Tuesday, 23 November 2021

 

Cloud Cuckoo Land, by Anthony Doerr.

  


       

          Pulitzer Prize-winning author Anthony Doerr has long been a master of the literary magic that engages us, thrills us, and compels us to keep reading until the story is finished.  Now he has excelled himself:  after the wonder of ‘All the Light We Cannot See’, he has again proven his  mastery with a tribute in praise of The Story, the tales that keep us reading,  and searching for more when the tale is finished.

            It’s not immediately clear where we are being directed by Doerr in this sometimes confusing travel through time, starting two hundred years in the future on a spaceship voyaging to a new unpolluted planet after Earth becomes uninhabitable – not every traveller expects to arrive in their lifetime, but Konstance, barely a teenager, has high hopes that she and her beloved father will arrive safely.  She hopes.

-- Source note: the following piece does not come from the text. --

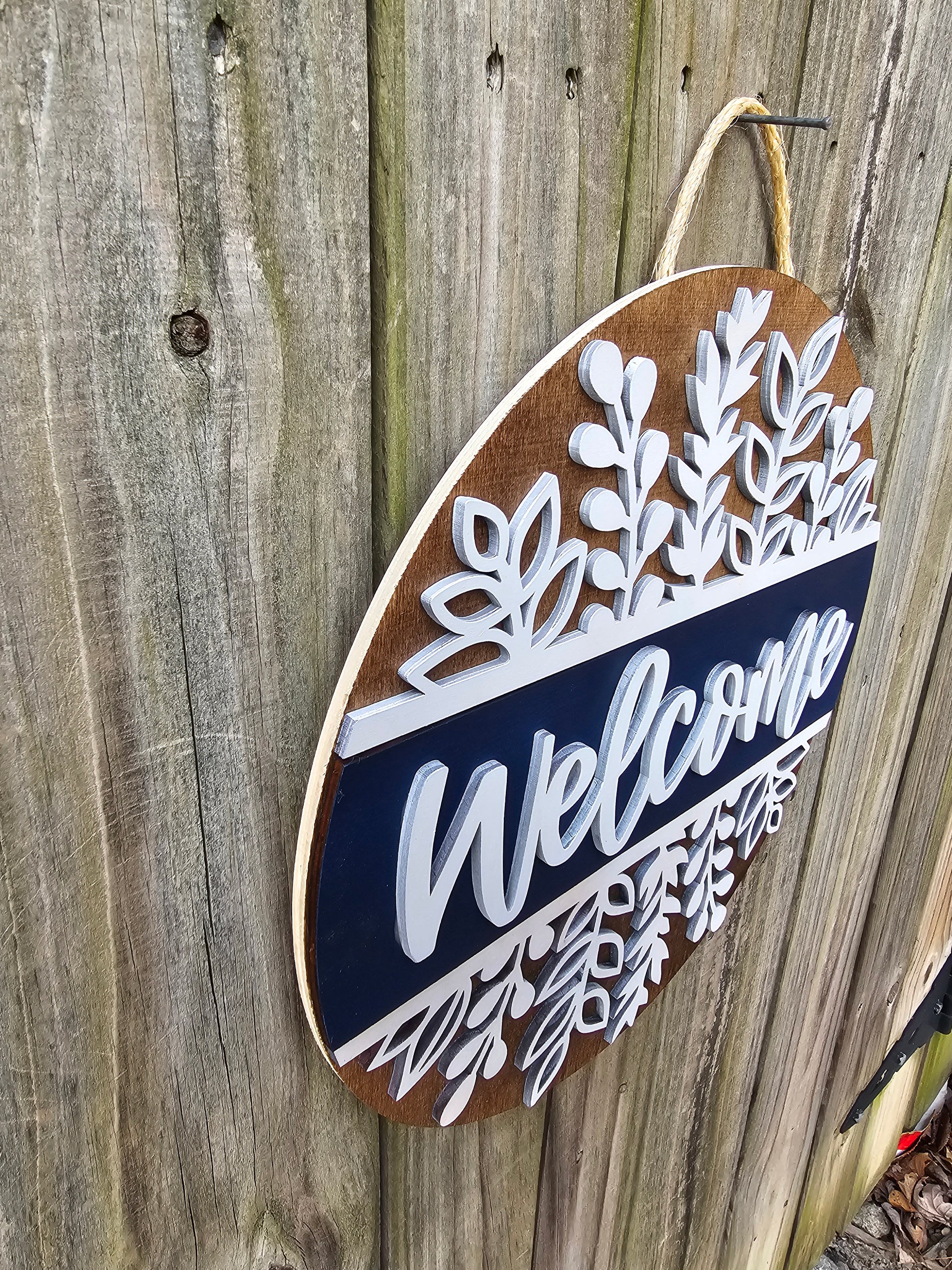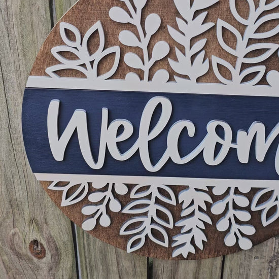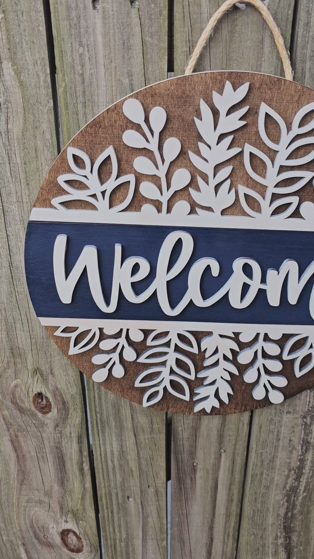 Add a warm, elegant touch to your front door with this layered botanical “Welcome” sign! Featuring crisp white greenery, a rich stained wood background, and a deep navy center band, this sign blends classic and modern style for a beautifully inviting look.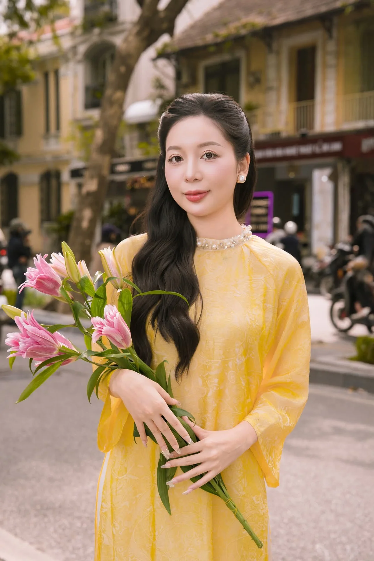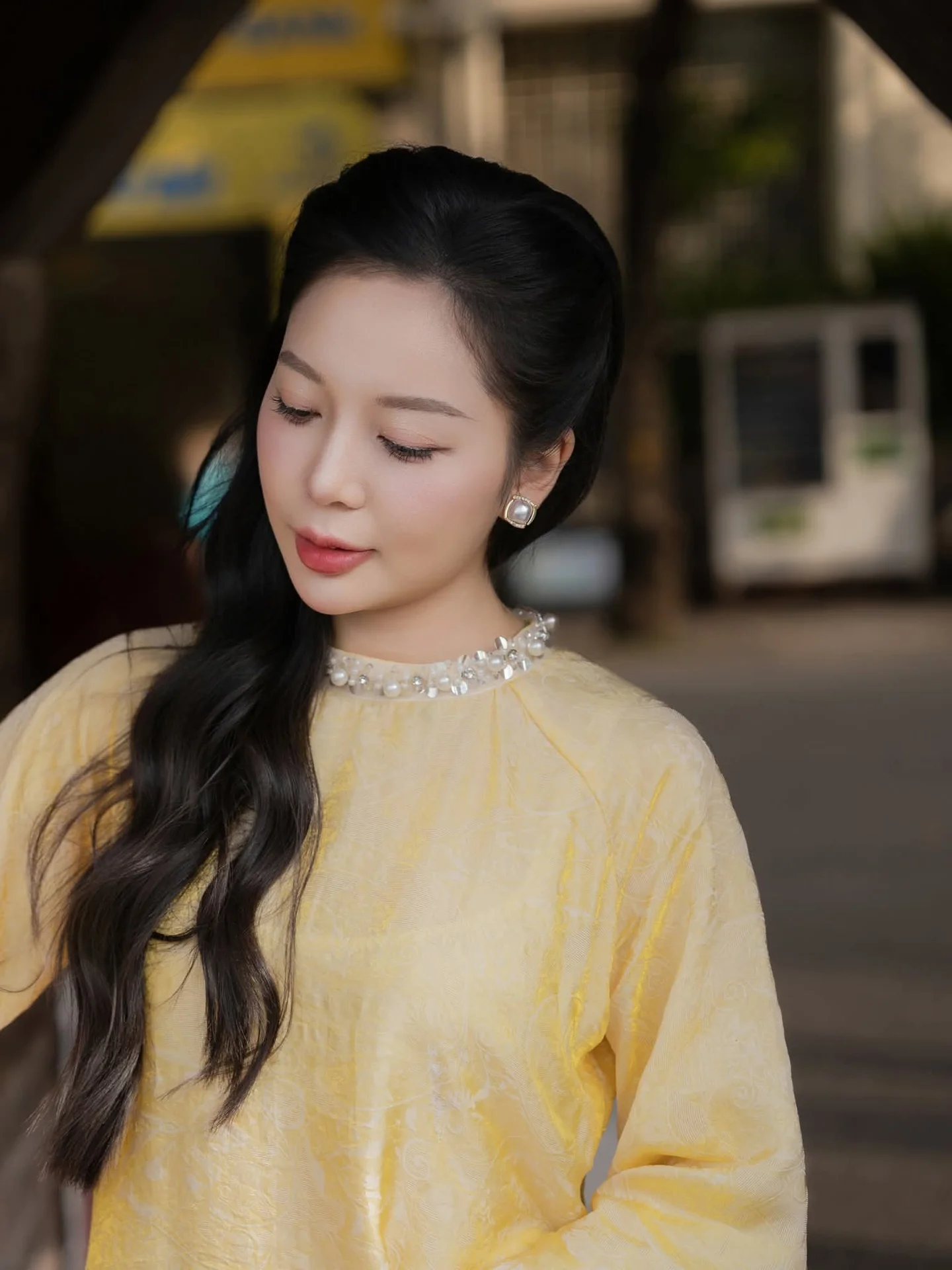 This image captures the gentle and elegant beauty of a Vietnamese girl With her long wavy dark hair and a contemplative gaze she exudes the unique grace of an East Asian woman She wears a sophisticated light yellow top perhaps a modern interpretation of traditional attire enhancing her charming and gentle demeanor The intricately embellished neckline further adds to her luxurious and noble appearance This blend of classic and modern beauty creates an irresistible allure The ancient archway in the background further highlights her ethereal beauty deeply imbued with Vietnamese soul This image represents youth timeless beauty and the confident poise of a contemporary woman#VietnameseBeauty #ElegantWoman #ModernTraditionalAttire #AsianCharm #GracefulStyle #AoDai

            Back to 2020:  Octagenerian Zino Ninis is rehearsing five children in a local Idaho library to perform a play he has written based on an ancient Greek legend by Antonius Diogenes about Aethon, a simple shepherd who longs to fly, to be an owl, to live in Cloud Cuckoo Land, where rivers flow with wine (Aethon likes his wine!), and turtles plod by with honey cakes on their backs – in short, Paradise.  Zino and his five ‘actors’ are presenting their play For One Night Only, and tonight is the dress Rehearsal. Sadly, they haven’t anticipated the arrival of Seymour, a severely disturbed and angry young teenager with a pistol and a home-made bomb.

            Then there is a dizzying shift in time to the Siege of Constantinople by the Ottomans in 1453:  Anna, a young Greek orphan who needs money for her sick sister, chances across (steals) an ancient text from an abandoned monastery;  she sells as many of these precious papyri as she can before her Italian customers flee the besieged city, but keeps one codex – the story of Aethon, and his efforts to reach Cloud Cuckoo Land.

            We learn more about Zino Ninis, too – a solitary man who was unable to acknowledge his true self, even to the man whom he most loved when it most counted, but who redeemed himself with a great act of heroism, an act which saves his child actors – and his translation of Aethon’s adventures in his efforts to get to Cloud Cuckoo Land.

            Until just before the end of this wonderful story, it wasn’t clear to me how all the different times would join up;  each section and its engaging characters seemed to be separate stories within The Story, but the link is Diogenes’s simple shepherd who, after various disguises and frightening adventures decides that he’d like to go home now, thanks.  Fair enough!

            Konstance from the future has the last chapter in this wonderful tribute to the written word:  she uncovers shocking truths, helped by clues furnished by a man whom society has justly rejected and, thanks to him, she manages to escape, to live a productive life.  Anthony Doerr asks all the big questions of us here – and provides many of the answers.  What a journey!  SIX STARS.